EV demand ticks up, but incentives needed to meet government mandates

The latest SMMT new registrations data saw registrations of new cars increase by 24% in the year to April at 149,247 units when compared to April 2025.

Battery electric vehicle (BEV) registrations continued recent growth trends, with volumes up 59.1% when compared to last year. This represents a 21.1% overall market share, which is still falling sharply below the government’s 33% Zero Emission Vehicle Mandate.

Commenting on the latest SMMT new registrations data, Sheena McGuinness, Co-head of Energy and Natural Resources at RSM UK, said: “Consumer appetite for electric vehicles (EVs) continues to grow amid elevated fuel prices and persistent concerns over fuel shortages and rations. This is a step in the right direction towards a longer-term transition to zero-emissions vehicles. However, these increases still sit way behind the government mandated targets, so more needs to be done to incentivise consumers and businesses to switch.

“With fleet registrations acting as the primary driver for the EV uptick, congestion charge exemptions, such as a reintroduction of the 100% cleaner vehicle discount in London, could increase the appeal of zero-emissions vehicles further.

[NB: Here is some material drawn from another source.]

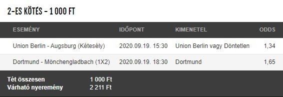 - A másik meccseb az Union Berlin - Augsburg összecsapás. Vélhetően ez a két csapat idén is a tabella alsó felében tartózkodik majd, ha pedig nem indul jól a bajnokság és vergődni kezdenek, könnyen a kieső zónában találhatják magukat. Az Union Berlin egy olyan csapat, amely kifejezetten otthon erős. A bajnoki nyitómeccsen hazai környezetben a velük hasonló szinten álló Augsburg ellen kötelező lenne a győzelem. Én kétesélyre, 1X-re veszem. Nem kap ki otthon az Union!

“In addition, measures to remove disparities between public and private charging, with public charging remaining substantially more expensive, and investing in on-street parking capabilities for people without driveways could also go a long way to boost EV appetite. These were recommendations published by the Environment and Climate Change Committee in 2024, which we are yet to see come into effect.

“If cost of living pressures caused by the conflict in the Middle East prevail, we could see demand for new vehicles take a hit across the market. Incentivising measures, which help to reduce consumer costs, could accelerate change to support the UK’s long-term EV transition goals.”